**Given records:**
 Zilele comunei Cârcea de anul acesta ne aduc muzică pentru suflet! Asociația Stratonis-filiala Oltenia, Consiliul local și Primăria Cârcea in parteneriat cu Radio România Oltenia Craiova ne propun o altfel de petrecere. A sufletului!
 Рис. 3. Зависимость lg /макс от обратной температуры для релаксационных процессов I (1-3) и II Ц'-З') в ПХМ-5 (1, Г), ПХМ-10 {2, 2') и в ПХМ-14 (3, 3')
...
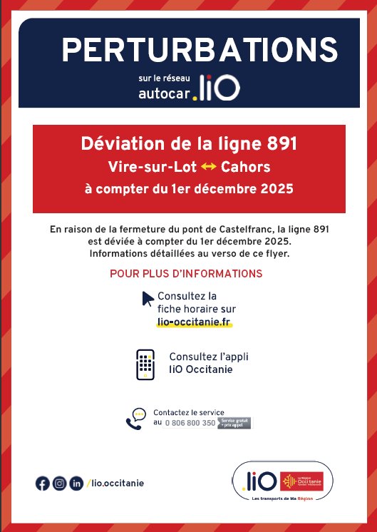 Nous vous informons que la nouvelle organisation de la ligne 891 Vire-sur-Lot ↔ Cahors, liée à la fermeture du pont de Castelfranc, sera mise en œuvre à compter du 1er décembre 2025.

**Description of the task:** Reproduce the entries above exactly, but only the lines between the line holding "Zilele comunei Cârcea" and the line holding "Рис. 3. Зависимость", inclusive.

**The answer:**
 Zilele comunei Cârcea de anul acesta ne aduc muzică pentru suflet! Asociația Stratonis-filiala Oltenia, Consiliul local și Primăria Cârcea in parteneriat cu Radio România Oltenia Craiova ne propun o altfel de petrecere. A sufletului!
 Рис. 3. Зависимость lg /макс от обратной температуры для релаксационных процессов I (1-3) и II Ц'-З') в ПХМ-5 (1, Г), ПХМ-10 {2, 2') и в ПХМ-14 (3, 3')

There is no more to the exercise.